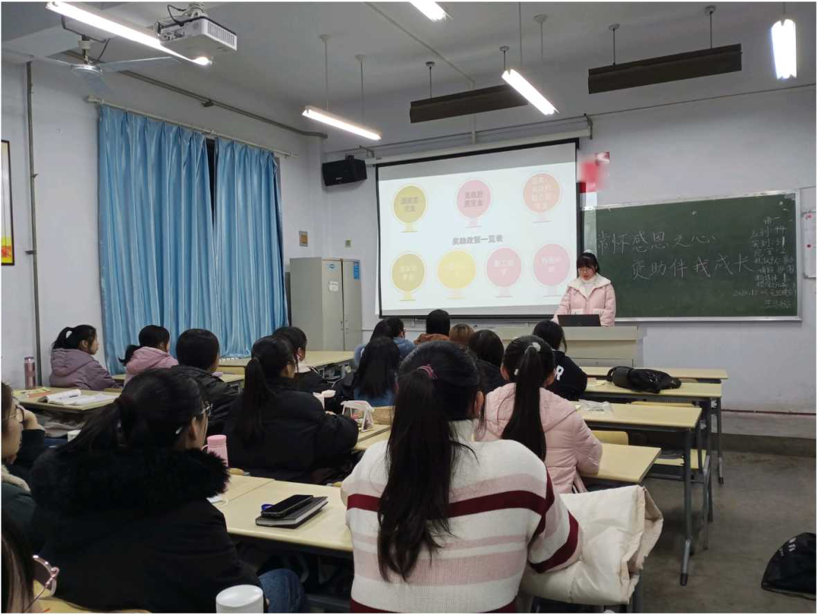 为认真贯彻落实学生资助政策,充分发挥资助育人的功能。12月3日,beat365英国官方网站各班级开展“常怀感恩之心,资助伴我成长”资助政策宣讲主题班会。曾获得学院“资助宣传大使”和“beat365英国官方网站十大励志榜样”的同学们为各班级进行资助政策解读和宣讲,各班学生到场学习。
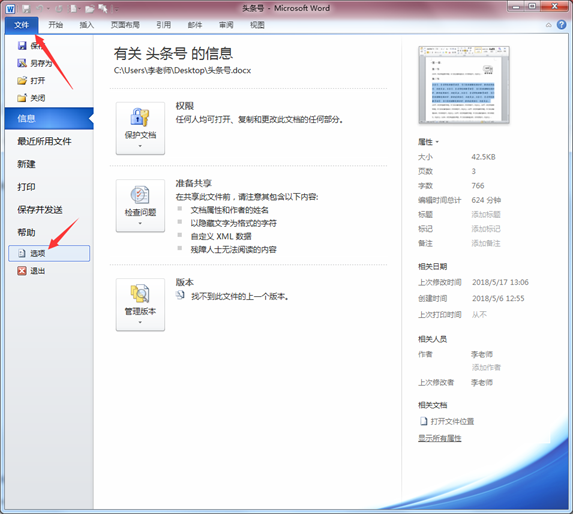 选文件菜单,点选项:
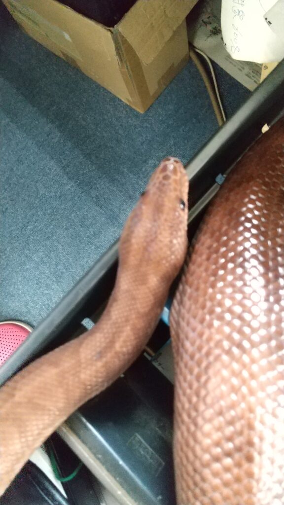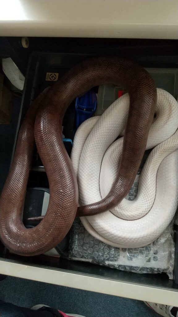 このお客さん、大のヘビ好き。で、事務所では数匹のヘビが!
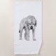 Dieses Handtuch trägt eine dramatische schwarz-weiße Darstellung eines Hundes in fester Haltung. Ein kühnes, grafisches Stück für Sonnen- und Wasserliebhaber, die die moderne Kunst schätzen.
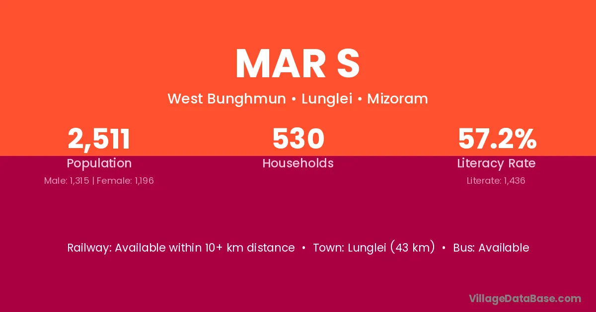 Lunglei (43 km) is the nearest town to Mar S village for major economic activities and is located approximately 43 km away.
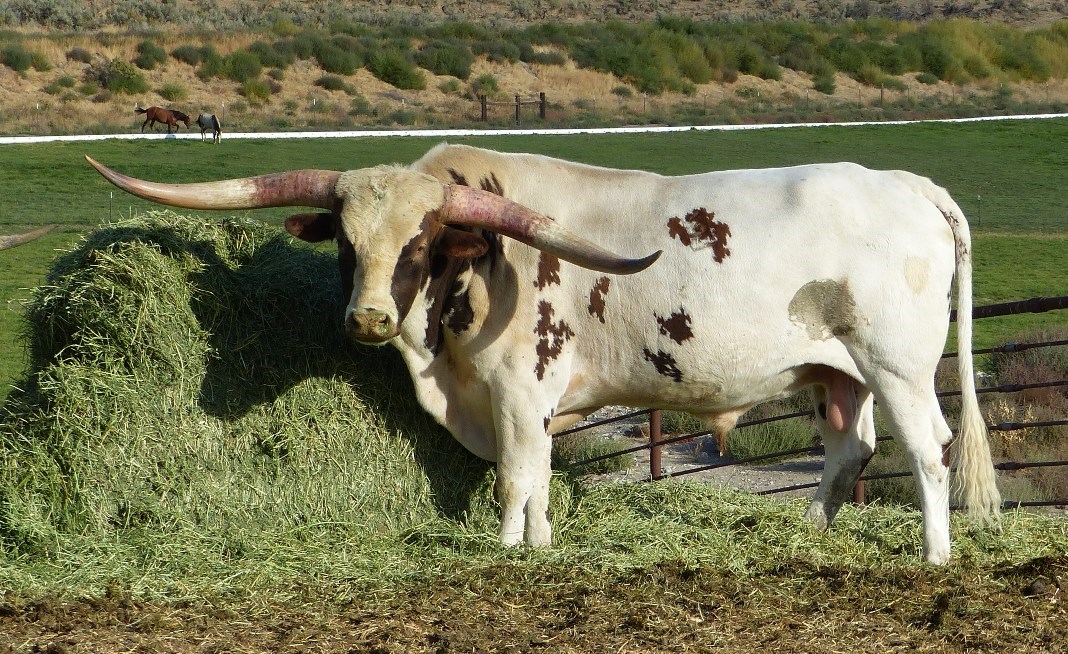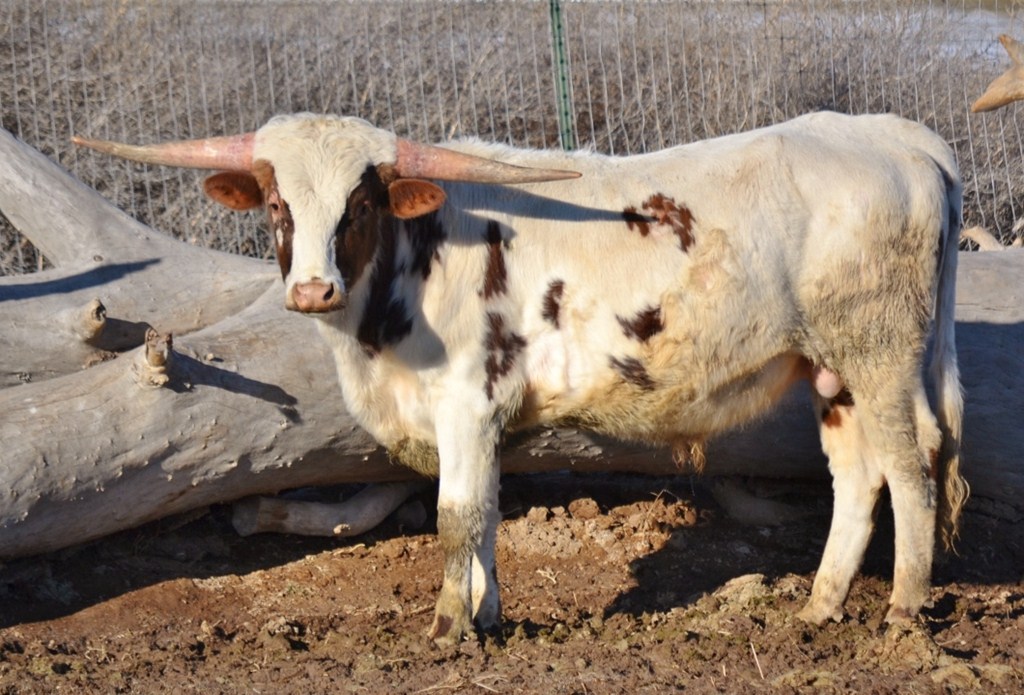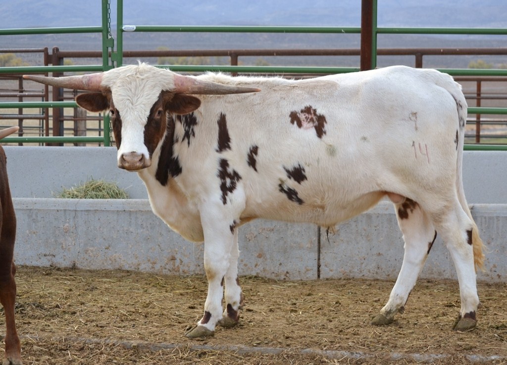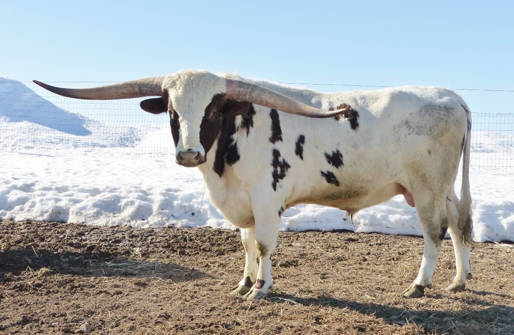 A son of the late great Cowboy Up Chex (who was a full brother to Cowboy Tuff Chex) out of a huge cow who is getting close to 90". Over 41" at 12 months old. Wow! Bronze Winner at the 2015 Horn Showcase. This bull is approaching a ton in size and throws mostly solid colored calves. His daughters are flat horned and big bodied.

**TASK OBJECTIVE**
Please repeat every record exactly as it stands, leaving out any pictures.

**WRITTEN ANSWER**
 为认真贯彻落实学生资助政策,充分发挥资助育人的功能。12月3日,beat365英国官方网站各班级开展“常怀感恩之心,资助伴我成长”资助政策宣讲主题班会。曾获得学院“资助宣传大使”和“beat365英国官方网站十大励志榜样”的同学们为各班级进行资助政策解读和宣讲,各班学生到场学习。
 选文件菜单,点选项:
 このお客さん、大のヘビ好き。で、事務所では数匹のヘビが!
 Dieses Handtuch trägt eine dramatische schwarz-weiße Darstellung eines Hundes in fester Haltung. Ein kühnes, grafisches Stück für Sonnen- und Wasserliebhaber, die die moderne Kunst schätzen.
 Lunglei (43 km) is the nearest town to Mar S village for major economic activities and is located approximately 43 km away.
 A son of the late great Cowboy Up Chex (who was a full brother to Cowboy Tuff Chex) out of a huge cow who is getting close to 90". Over 41" at 12 months old. Wow! Bronze Winner at the 2015 Horn Showcase. This bull is approaching a ton in size and throws mostly solid colored calves. His daughters are flat horned and big bodied.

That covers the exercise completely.